Dataset records:

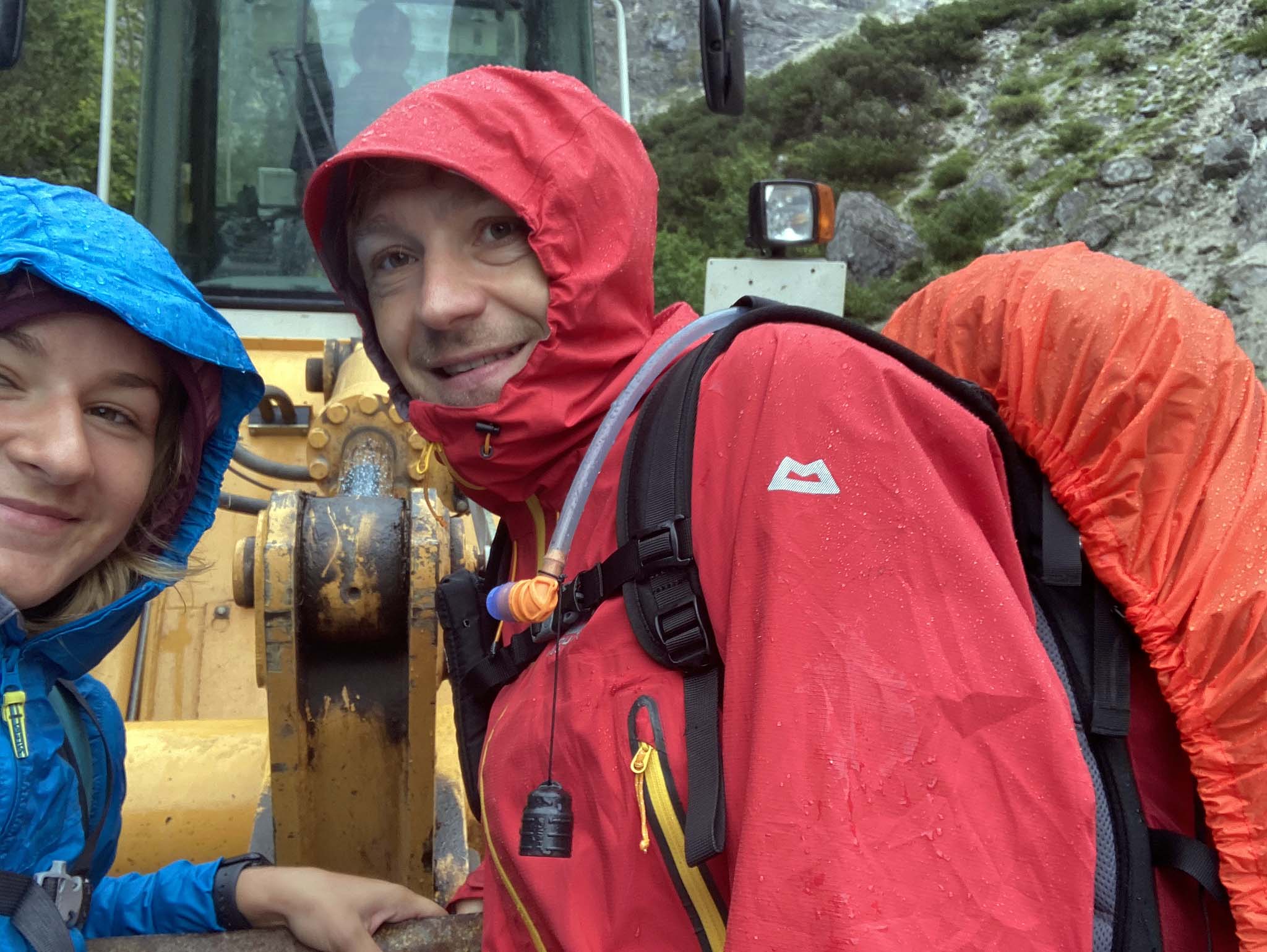 Wir mussten also wohl oder übel weiter absteigen. Zu allem Überfluss begann es nun auch zu regnen. Wir hatten aber dann doch noch Glück und nach ca. 10 Minuten kam ein Bauer mit seinem Radlader aus einer Seitenstraße. Dieser hat uns dann auf seiner Schaufel ca. 3,5 Kilometer und fast 500 hm bis nach Absam zum Parkplatz mitgenommen.
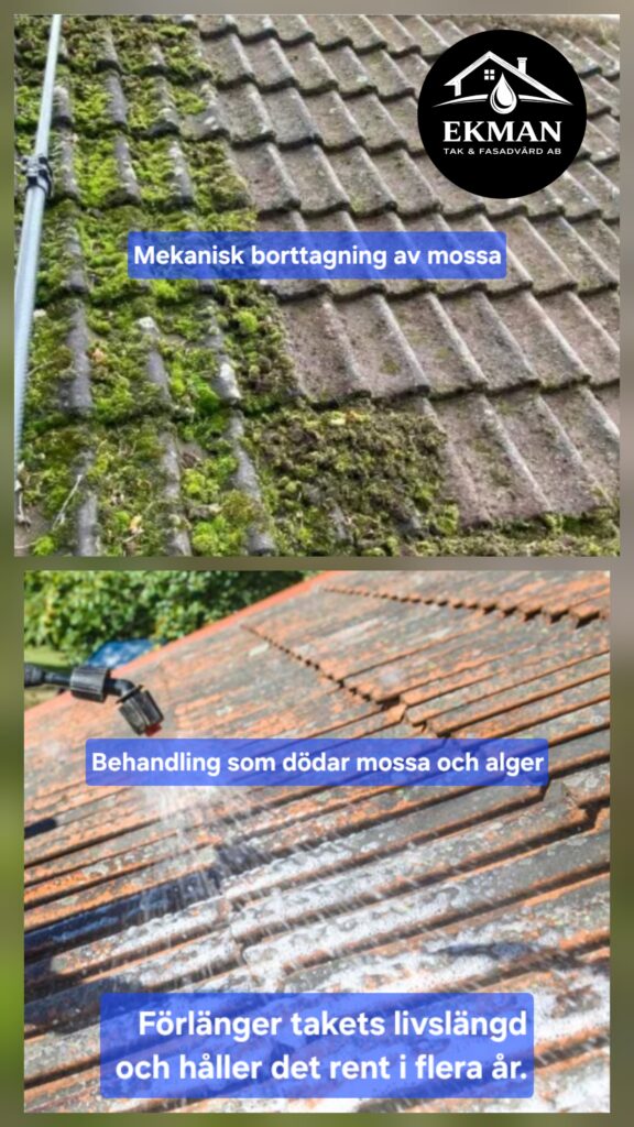 Mossa och påväxt binder fukt, vilket kan skada pannor och förkorta takets livslängd. Genom att behandla taket i tid minskar du risken för framtida skador och kostsamma takbyten.
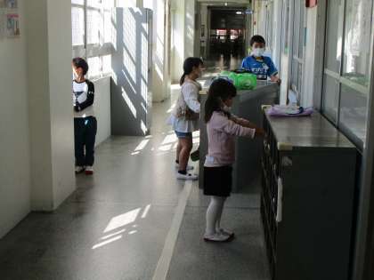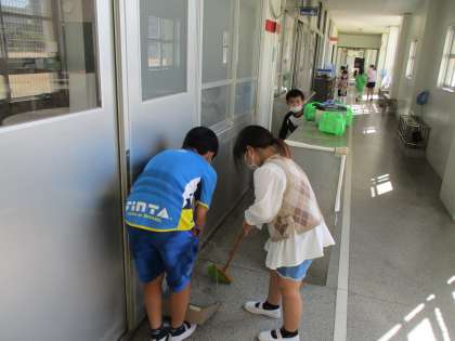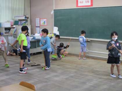 そうじの時間です。1年生の子どもたち,教室や廊下,靴箱を一生懸命に掃除していました。そんな姿に,また一つ大きな成長を感じ,うれしかったです。これからもがんばれ。
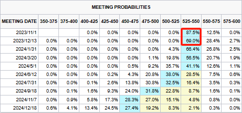 市场一直在降低对美联储进一步加息的预期,根据CME Group旗下的Fed watch数据,美联储在即将到来的10月31日至11月1日会议上加息的可能性目前已降至10%左右。
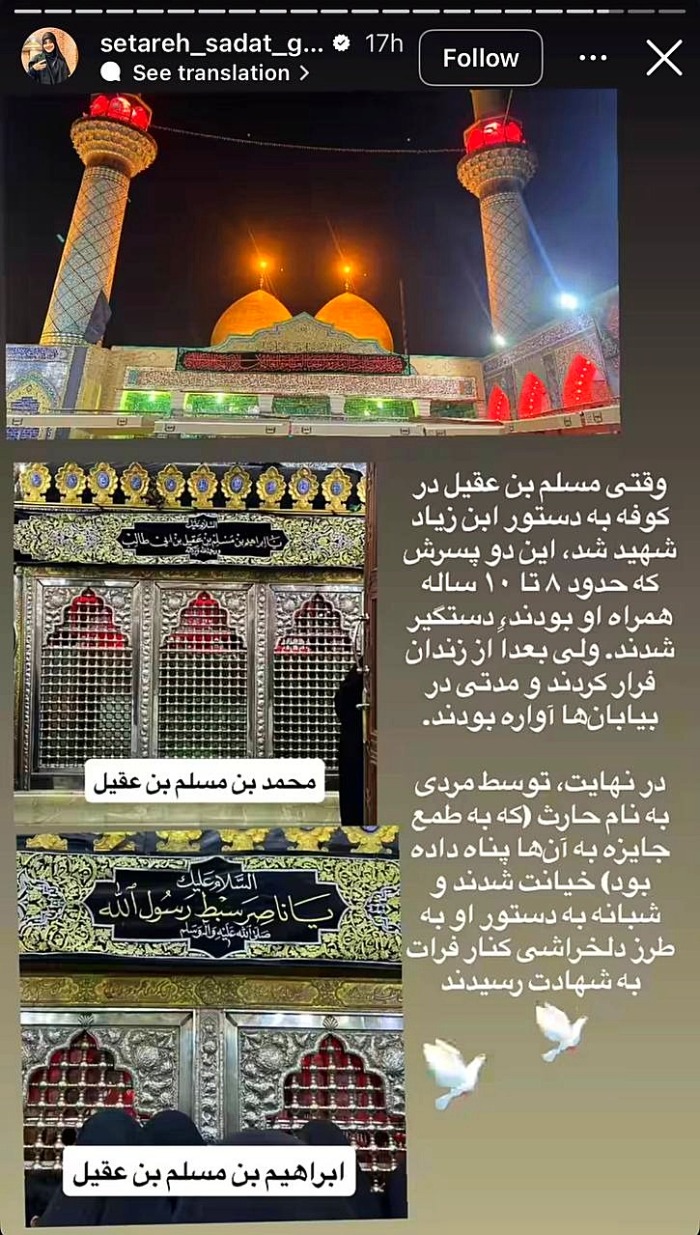 بازیگر سریال گاندو در یکی از استوریهایش، تصویری از مقبره دو طفلان مسلم بن عقیل (ع) به اشتراک گذاشت و درباره نحوه شهادتشان نوشت:
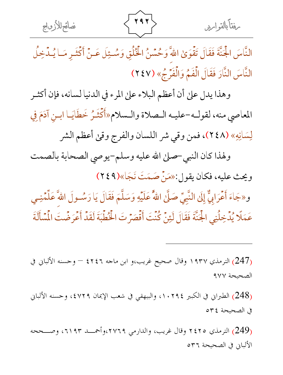 النَّاسَ الْجَنَّةَ فَقَالَ تَقْوَى اللَّهِ وَحُسْنُ الْخُلُقِ وَسُئِلَ عَنْ أَكْثَرِ مَا يُدْخِلُ النَّاسَ النَّارَ فَقَالَ الْفَمُ وَالْفَرْجُ» (¬1)
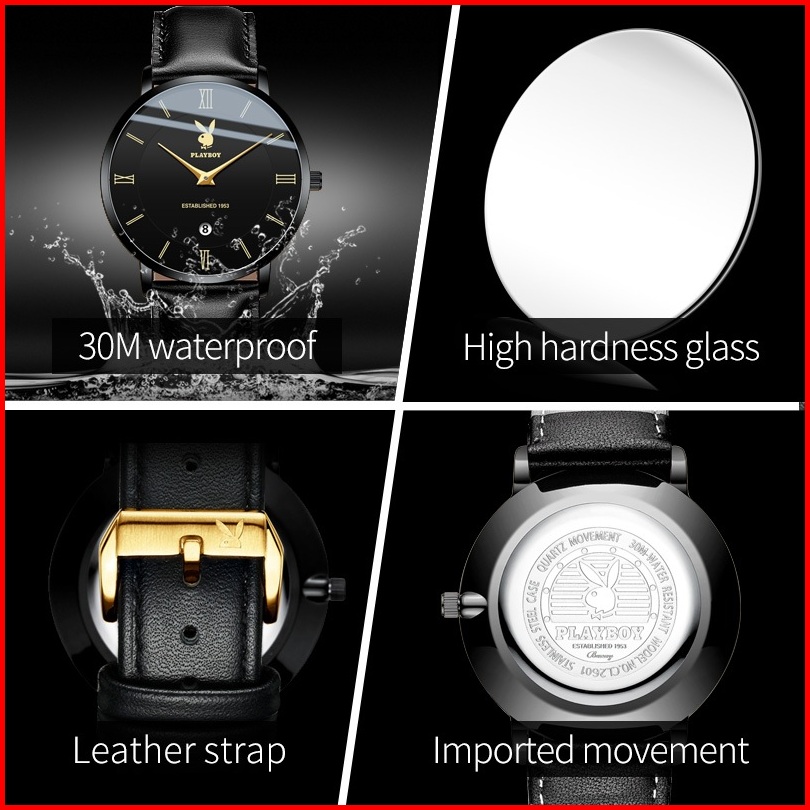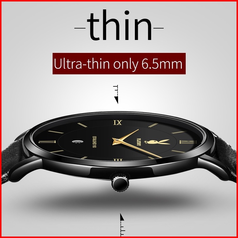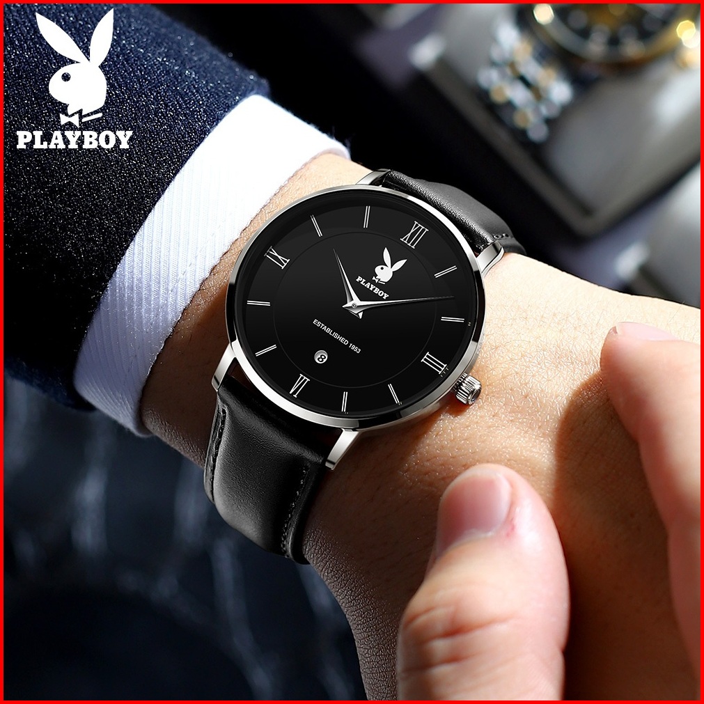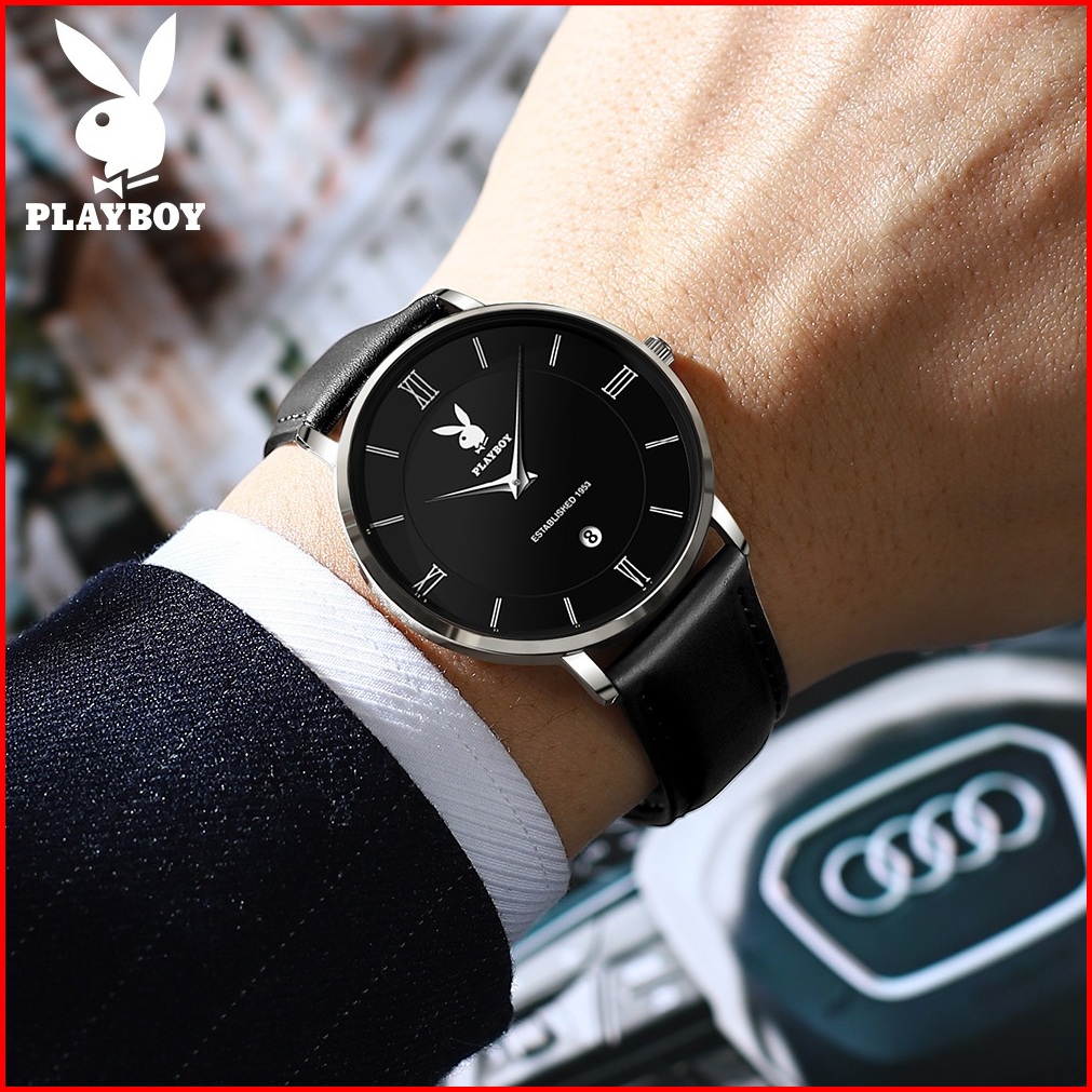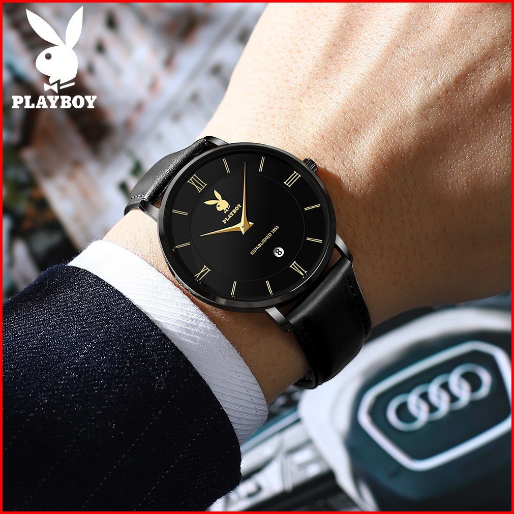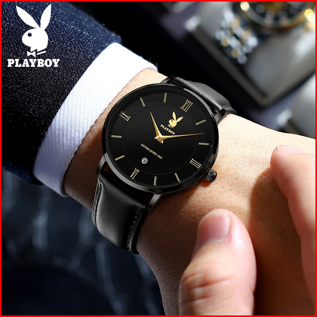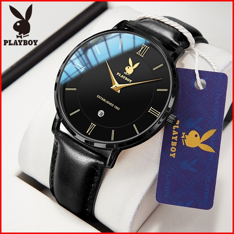 Playboy Jam Tangan Pria Original 100 Anti Air Ultra-thin Dial Keren Terbaru Mewah Luxury Leather Lelaki Men Watch Model

• Task brief: If an entry contains a picture, leave it out and repeat the rest exactly.

• Solution to this task:
 Wir mussten also wohl oder übel weiter absteigen. Zu allem Überfluss begann es nun auch zu regnen. Wir hatten aber dann doch noch Glück und nach ca. 10 Minuten kam ein Bauer mit seinem Radlader aus einer Seitenstraße. Dieser hat uns dann auf seiner Schaufel ca. 3,5 Kilometer und fast 500 hm bis nach Absam zum Parkplatz mitgenommen.
 Mossa och påväxt binder fukt, vilket kan skada pannor och förkorta takets livslängd. Genom att behandla taket i tid minskar du risken för framtida skador och kostsamma takbyten.
 そうじの時間です。1年生の子どもたち,教室や廊下,靴箱を一生懸命に掃除していました。そんな姿に,また一つ大きな成長を感じ,うれしかったです。これからもがんばれ。
 市场一直在降低对美联储进一步加息的预期,根据CME Group旗下的Fed watch数据,美联储在即将到来的10月31日至11月1日会议上加息的可能性目前已降至10%左右。
 بازیگر سریال گاندو در یکی از استوریهایش، تصویری از مقبره دو طفلان مسلم بن عقیل (ع) به اشتراک گذاشت و درباره نحوه شهادتشان نوشت:
 النَّاسَ الْجَنَّةَ فَقَالَ تَقْوَى اللَّهِ وَحُسْنُ الْخُلُقِ وَسُئِلَ عَنْ أَكْثَرِ مَا يُدْخِلُ النَّاسَ النَّارَ فَقَالَ الْفَمُ وَالْفَرْجُ» (¬1)
 Playboy Jam Tangan Pria Original 100 Anti Air Ultra-thin Dial Keren Terbaru Mewah Luxury Leather Lelaki Men Watch Model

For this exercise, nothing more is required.